The Shifting of Alliances and Control of Territories
By the middle of Umar II’s reign (r. 717 - 724), the Umayyads controlled Bactria and the cities of Bukhara, Samarkand, and Ferghana in Sogdia. The Tibetans were their allies. The Turgish Turks held the rest of Sogdia, particularly Tashkent, as well as Kashgar and Kucha in the western Tarim Basin. The Tang Chinese forces were in Turfan at the eastern end of the Tarim Basin and in Beshbaliq across the Tianshan Mountains to Turfan’s north. The Eastern Turks held the rest of West Turkistan north of Sogdia, including Suyab, while the Tibetans maintained a presence along the southern Tarim route. A Tang sympathizer, however, was on the throne of Khotan. The Turki Shahis were confined to Gandhara. Except for the Umayyad Arabs, all the other power brokers in Central Asia were supporters of Buddhism to varying degrees. This seems, however, to have had no influence on the events that followed.

[ View Map Ten: Central Asia, Approximately 720 CE.]

Taking advantage of the death of the Umayyad General Qutaiba, the Tang forces were the first to move. Setting out from their stronghold in Turfan and crossing East Turkistan north of the Tianshan Mountains, they took Kucha and Kashgar from the Turgish, attacking from the rear.
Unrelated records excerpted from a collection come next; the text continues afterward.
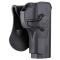 Initialement fournie avec le paddle, pour un port à la ceinture, le holster est compatible avec les accessoires permettant de l'installer sur des passants molle, ou encore sur une plateforme de cuisse (voir accessoires associées).
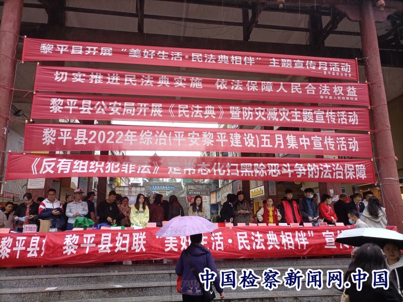 检察讯(石咏宇)5月12日,黎平县人民检察院联合县公安局、县法院等单位开展“民法典宣传月集中宣传一条街活动”。在活动现场,检察干警通过悬挂横幅、发放民法典宣传手册及纪念品、设置民法典宣传讲台等方式向群众宣传民法典。
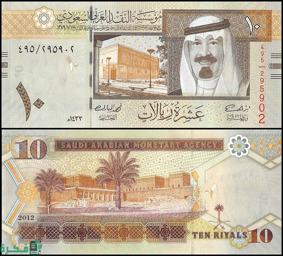 - 10 ريالات: طُبع عليها شكل الساحة الخارجية لقصر “المربع” الكائن في الرياض بالإضافة إلى “مركز الملك عبد الله المالي”.
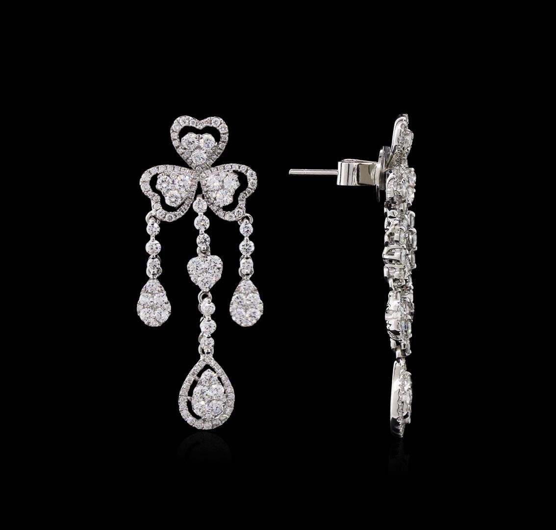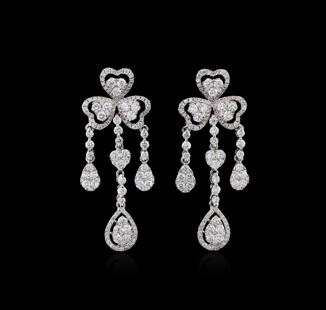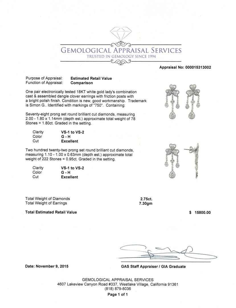 One pair electronically tested 18KT white gold lady's combination cast & assembled dangle clover earrings with friction posts with a bright polish finish. Trademark is Simon G. Identified with markings of "750". Condition is new, good workmanship. Containing: Seventy-Eight prong set round brilliant cut diamonds, measuring 2.00 - 1.80 x 1.14mm (depth est.) approximate total weight of 78 Stones = 1.80ct. Graded in the setting. Clarity: VS-1 to VS-2. Color: G - H. Cut Excellent Two Hundred Twenty-Two prong set round brilliant cut diamonds, measuring 1.10 - 1.00 x 0.63mm (depth est.) approximate total weight of 222 Stones = 0.95ct. Graded in the setting. Clarity: VS-1 to VS-2. Color: G - Excellent. Total Weight of Diamonds 2.75ct. Total Weight of Earrings 7.30gm. GAS Appraised at $15,800.00.

Crossing the farwestern flank of the Tianshan into West Turkistan, they then captured Suyab from the Eastern Turks, Ferghana from the Umayyads, and Tashkent also from the Turgish.

At this point, the Turgish reorganized themselves under a different leader and a new group of Turks emerged on the scene, the Qarluqs (Kharlukh, Tib. Gar-log) in Dzungaria, who were also patrons of Buddhism. The Qarluqs replaced the Eastern Turks in the territory of northern West Turkistan beyond Tang-held Suyab and allied themselves with the Han Chinese. The Turgish, in turn, joined the Arab-Tibetan alliance. The Turgish then recaptured their homeland of Suyab and the Umayyads, in turn, took back Ferghana. Tashkent became temporarily independent. The Tang forces were left holding only Kashgar and Kucha.

[ View Map Eleven: Central Asia, Approximately 725 CE.]

The Reassertion of Umayyad Rule in Sindh
In 724, the new Umayyad caliph, Hashim (r. 724 - 743), sent General Junaid south to reassert control over Sindh. The Arab-led forces succeeded in Sindh, but failed in their attempt to take Gujarat and West Punjab. As Governor of Sindh, General Junaid continued the previous Umayyad policy of exacting both a poll tax on the Hindus and Buddhists as well as a tax on pilgrims to the holy sites of both these religions.

Although the Hindu Pratihara rulers in West Punjab had the strength to drive the Umayyad forces from Sindh, they refrained from such action. The Muslims had threatened to destroy the major Hindu shrines and images if the Pratiharas attacked, and the latter considered the preservation of their holy places more important than regaining control over traditional territory. This is further indication that the Umayyad Arabs regarded the destruction of non-Muslim religious sites as primarily acts of power politics.

Umayyad Loss and Regaining of Sogdia
Meanwhile, with their confidence boosted by the return of their homeland in Suyab, the Turgish ended their short-term alliance with the Umayyads. Taking advantage of the deployment in Sindh of the major part of the Arab forces, the Turgish turned on the Umayyads, expelling them from Ferghana and nearby areas in Sogdia. The Tibetans followed the Turgish lead and also switched sides. The new Turgish-Tibetan alliance then turned on the Umayyads and, by 729, drove them from most of the rest of Sogdia and Bactria. The Arabs were left holding only Samarkand.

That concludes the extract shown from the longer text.